Implementation:Microsoft Onnxruntime CPU GatherNDGrad
| Knowledge Sources | |
|---|---|
| Domains | Training, CPU_Kernels |
| Last Updated | 2026-02-10 04:00 GMT |
Overview
Concrete tool for computing GatherND gradient on CPU in the ONNX Runtime training framework.
Description
This file implements the GatherNDGrad kernel, which computes the gradient of the ONNX GatherND operation. Given the upstream gradient (corresponding to the forward GatherND output) and the indices tensor, it scatters gradient slices back to a zero-initialized output tensor of the original data shape. The kernel uses the GatherNDBase::PrepareForCompute to compute slice offsets, then dispatches to GatherNDGradComputeImpl which accumulates gradient values at the correct offsets: output[slice_offset + j] += update[i]. It supports float and double data types with int32 and int64 index types, and respects the batch_dims attribute.
Usage
This kernel is invoked during the backward pass when a GatherND operation was used in the forward pass.

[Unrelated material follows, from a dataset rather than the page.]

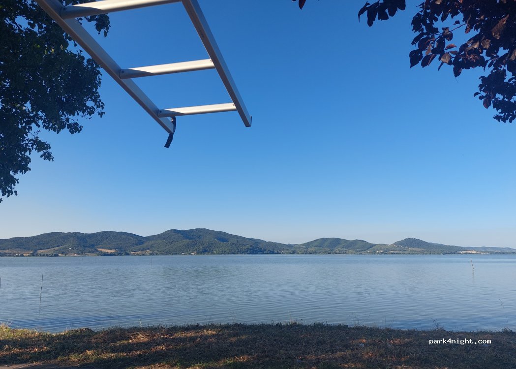 Area sosta carina, molti parcheggi sono per le auto, ma si trova facilmente anche per camper. A due passi dall'imbarco per il traghetto per andare all'Isola Polvese, quindi molto comodo.

It distributes gradient slices back to the positions from which data was gathered.
Code Reference
Source Location
- Repository: Microsoft_Onnxruntime
- File: orttraining/orttraining/training_ops/cpu/tensor/gather_nd_grad.cc
- Lines: 1-83
Signature
template <typename InputT>
struct GatherNDGradComputeImpl {
void operator()(GatherNDBase::Prepare& p, const Tensor* update_tensor) const;
};
Status GatherNDGrad::Compute(OpKernelContext* context) const;
Import
#include "orttraining/orttraining/training_ops/cpu/tensor/gather_nd_grad.h"
I/O Contract
Inputs
| Name | Type | Required | Description |
|---|---|---|---|
| shape | Tensor(int64) | Yes | Shape of the original data tensor |
| indices | Tensor(Tind) | Yes | Indices used in the forward GatherND |
| update | Tensor(T) | Yes | Upstream gradient (same shape as GatherND output) |
Outputs
| Name | Type | Description |
|---|---|---|
| output | Tensor(T) | Gradient w.r.t. original data (zero-initialized, then accumulated) |
Usage Examples
ONNX_OPERATOR_KERNEL_EX(
GatherNDGrad, kMSDomain, 1, kCpuExecutionProvider,
KernelDefBuilder()
.TypeConstraint("T", {DataTypeImpl::GetTensorType<float>(),
DataTypeImpl::GetTensorType<double>()})
.TypeConstraint("Tind", {DataTypeImpl::GetTensorType<int64_t>(),
DataTypeImpl::GetTensorType<int32_t>()}),
GatherNDGrad);